Jeongguk però aveva evitato di rispondere: non voleva ammettere ad alta voce che Taehyung era la sua persona speciale, gli piaceva che lo intendesse da solo.
Ma quando il più grande accennò l'altruismo che non gli apparteneva ebbe qualche dubbio: che non avesse capito che egli avrebbe fatto qualsiasi cosa a qualsiasi costo solo per lui e per nessun altro? O magari lo sapeva, invece, e per non sembrare ancora più egoista aveva parlato di sé collettivamente, includendosi ne 'gli altri'?
In ogni caso, Jeongguk lasciò perdere, uscendo dall'acqua col suo amico.
Strizzarono i loro indumenti, si posizionarono al sole e aspettarono di asciugarsi.
Purtroppo non era estate, e ci misero molto, ma ad entrambi non dispiacque stare assieme per altro tempo, limitandosi a guardarsi negli occhi, ad accennarsi sorrisi di tanto in tanto.
Per tutti quegli anni Taehyung si era comportato da fratello maggiore, ma quel giorno si comportò in modo così irresponsabile da far diventare Jeongguk serio e, agli occhi del maggiore, dominante.
«Sei asciutto?» chiese questi, dopo ore passate sotto al sole caldo.
«Non proprio... ma incamminiamoci, il sole sta per tramontare e non aiuterà la nostra salute.
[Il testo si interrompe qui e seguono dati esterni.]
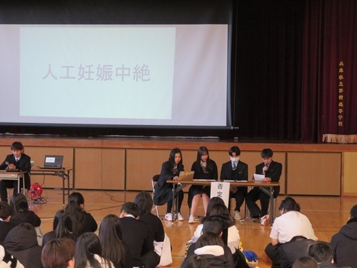 2年生が、2組目と3組目は「人工妊娠中絶」、「死刑制度」というテーマについて3年生が討論しました。
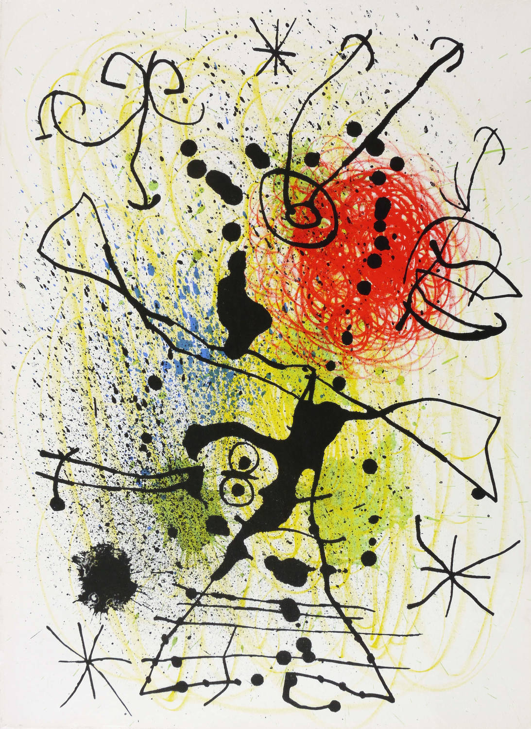 1965. Farblithografie / Pinsellithografie, in 5 Farben, auf glattem weißem Velinkarton. – Originale Künstlergrafik, von Joan Miro. – 38,0 x 27,6 cm (Darstellung / Blatt).
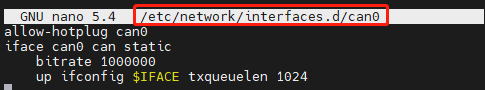 Execute sudo nano /etc/network/interfaces.d/can0 in the SSH terminal to edit the can0 file and check if the contents of the file are correct. The bitrate 1000000 represents the baud rate of the CAN bus and should be consistent with the settings in Klipper.
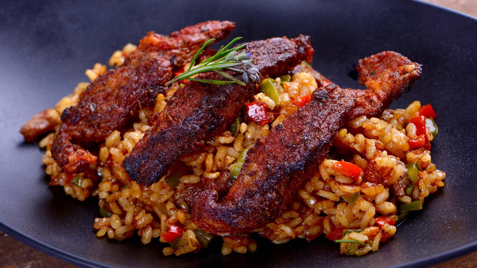 Servimos el arroz, colocamos las lágrimas por encima y decoramos con una rama de romero.
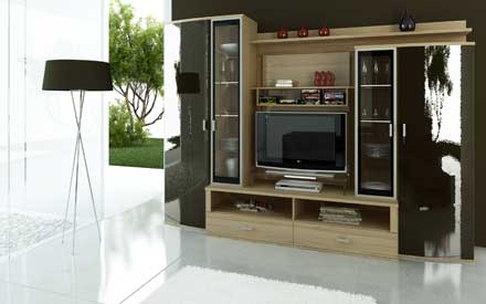 Гостиная EMILI Гнутые фасады мебели для гостиной комнаты EMILI - все для того, чтобы вам завидовали. Двери шкафов изготовлены из МДФ и покрыты глянцевой эмалью контратстного цвета.Современная мебель для гостиной в лучших немецких традициях. Тумба под телевизор любых габаритов, место под аппаратуру и удобные витрины с подсветкой.
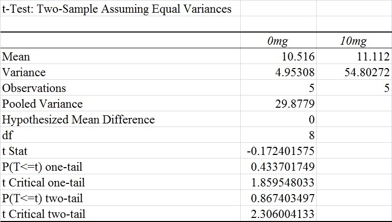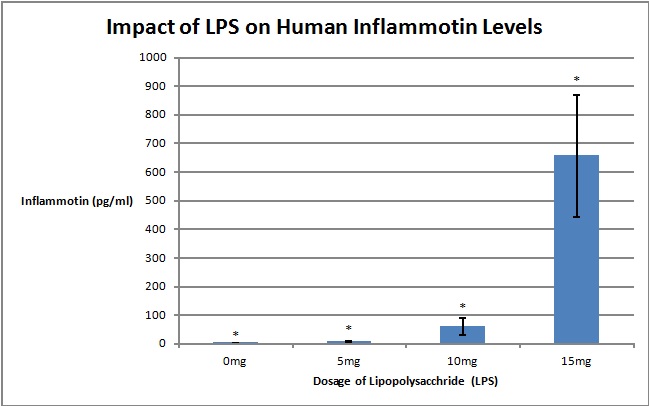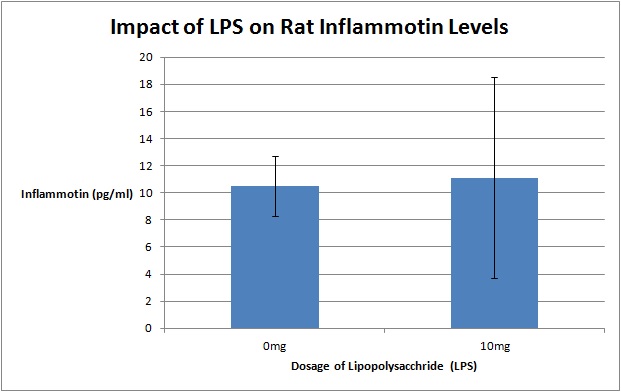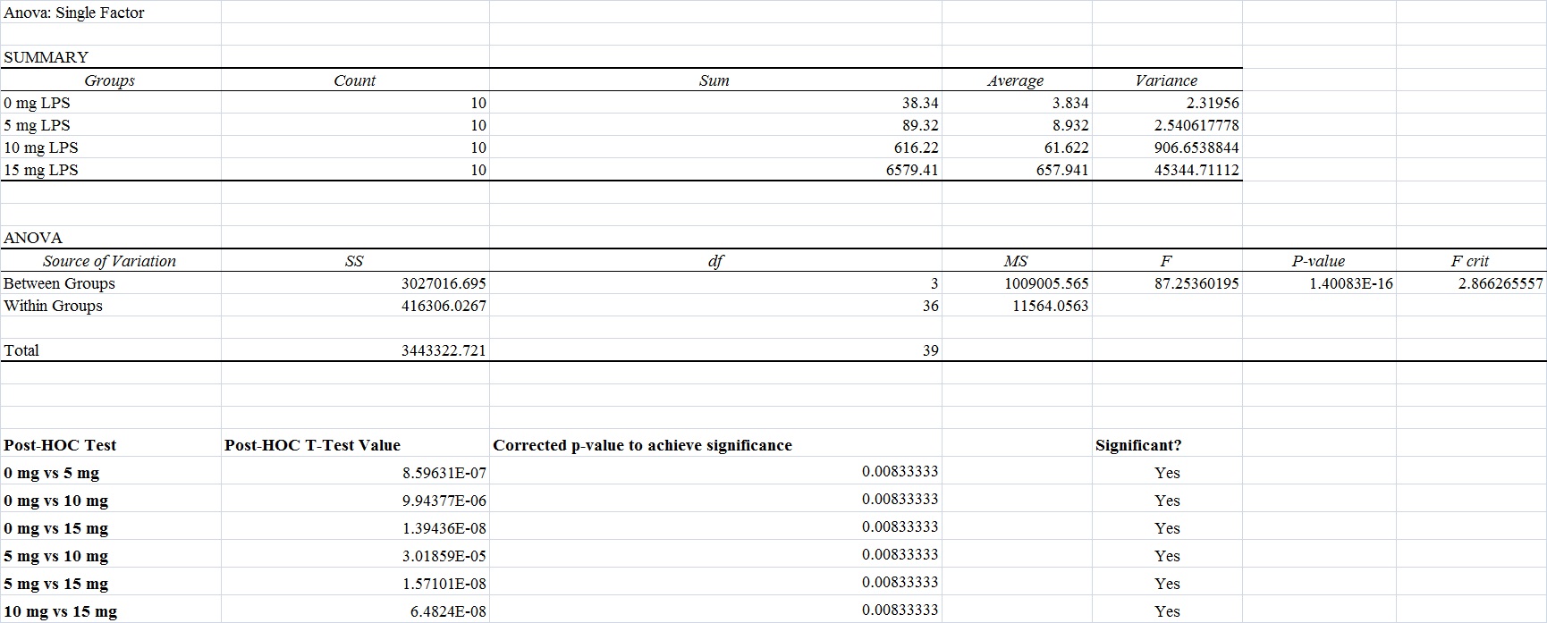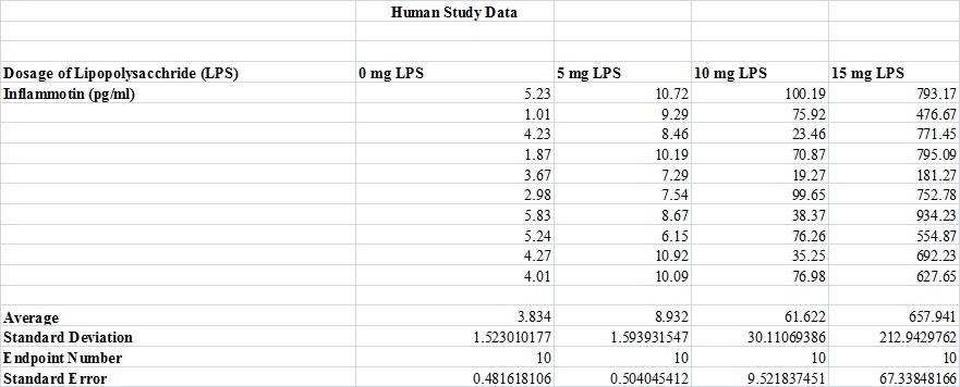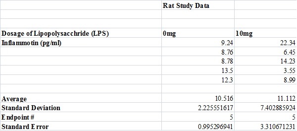 Summary/DiscussionDuring the research team's study, four groups of ten human subjects each were given various doses of LPS, with one group given a placebo. An analysis of variance, or ANOVA, was necessary to collect the data, since there were more than two experimental variables (groups) to account for. The information the ANOVA provided showed that a significant difference between the groups' inflammotin levels was apparent. As the dosage of LPS increased, the protein levels elevated more rapidly as well. This trend discovered maintained consistency throughout the four groups. Two groups of ten laboratory mice each were also formed for the experiment. One group of rats was given 10 mg of LPS, while the other served as a control group, receiving a placebo instead. A T-Test was necessary for data analysis, since only two groups of mice were required for the study. The data from the T-Test conducted showed that there was no apparent statistical difference between the groups' inflammotin levels when treatment was administered. The T-Test's p-value of 0.867403497 surpassed the standard alpha value of 0.05 for the study, serving as a basis for this conclusion. The now apparent difference between the human and rat groups may be for several reasons. The data collected from the human groups have the benefit of working with more subjects. Four groups of subjects compared to two groups could suggest a disparity between the conclusions made. Another possible cause could be the anatomical differences between humans and mice and how each species tolerates LPS drug consumption. The research team questions whether the environments the groups were exposed to may also have been a possible cause for statistical difference. How comfortable and conformed each subject was to the experimental atmosphere could suggest that stress may have been a factor for the study. | ||||||
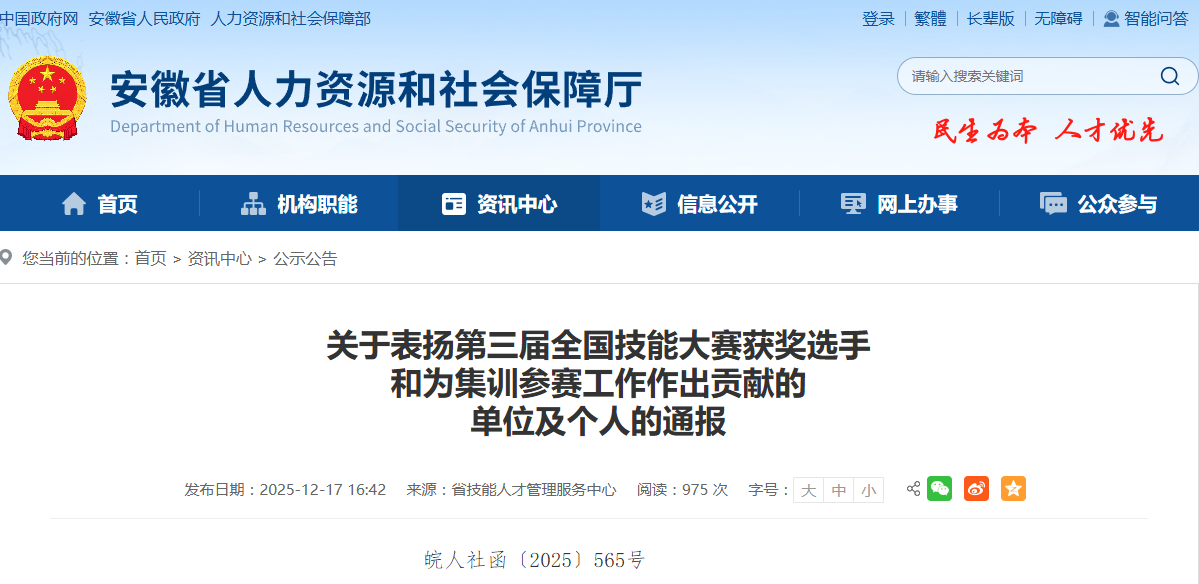 2025年9月19日至23日,中华人民共和国第三届职业技能大赛在河南省郑州市成功举办,我省组织116名选手参加了全部106个赛项比赛,获得5项金牌、2项银牌、3项铜牌、49项优胜奖,安徽代表团获得突出贡献奖,根据《安徽省人民政府关于印发支持技工强省建设若干政策的通知》(皖政〔2022〕72号)和安徽省人力资源和社会保障厅、安徽省教育厅、安徽省财政厅《关于印发支持技工强省建设若干政策实施细则的通知》(皖人社秘〔2023〕118号)有关规定,以及人力资源社会保障部《关于公布中华人民共和国第三届职业技能大赛获奖选手名单的通知》精神,经研究决定:

Dobbiamo solo sperare di non esserci presi un malanno.»
Taehyung annuì leggermente, rimettendosi sulla via del ritorno, ma non prima di aver chiesto, così, per sicurezza:«Sei ancora arrabbiato con me?» al quale Jeongguk rispose con un sorriso e una mano fra i capelli, scompigliandoli.
«Non potrei mai.»

I due ragazzi tornarono a casa tardi, chiesero che gli venisse preparato un bagno caldo, cenarono e, mentre fecero per andare a coricarsi, Haeun li chiamò, domandando loro dove fossero stati per tutta la giornata. Taehyung fece per parlare, ma Jeongguk lo precedette: le raccontò che il maggiore lo aveva portato al lago, e avevano parlato per tutto il tempo mentre, rilassati, tenevano i piedi in acqua.
Ella gli domandò cosa avessero mangiato, ma risposero che non avevano toccato né cibo né acqua, motivo per il quale a cena avevano divorato tutto in pochi minuti.

«Al di là di quello... Uhm, ti ha fatto piacere stare con me oggi?» domandò Taehyung, girandosi verso Jeongguk che stava riposando nel letto accanto.
Questo accennò un segno positivo con la testa, portando la coperta fino a sotto agli occhi.
Taehyung avrebbe voluto chiedergli se fosse arrossito, ma quel gesto era già una conferma, perciò lasciò perdere.
Accennò un sorriso e chiuse gli occhi, ma senza riuscire a dormire.
Si girò dopo poco, dando le spalle al minore, ma proprio non riusciva a riposare.
«Senti Jeongguk, io...» sbuffò, e smise di dare le spalle all'amico, ma non disse altro quando vide i suoi occhi chiusi e sentì il suo respiro pesante nella stanza.
Sorrise amaramente, ma poi si prese del tempo per ammirare la sua figura rilassata che dormiva beata.
«D'altronde, è stata una giornata stancante...»

💖
rip tae, voleva fare qualcosa di carino ed è stato sgridato ):
comunque i vibes di questo capitolo sono bellissimi! il tempo ci azzecca proprio, dato che siamo ad aprile!
quando l'ho scritto era luglio/agosto e mi riferivo proprio a queste temperature primaverili!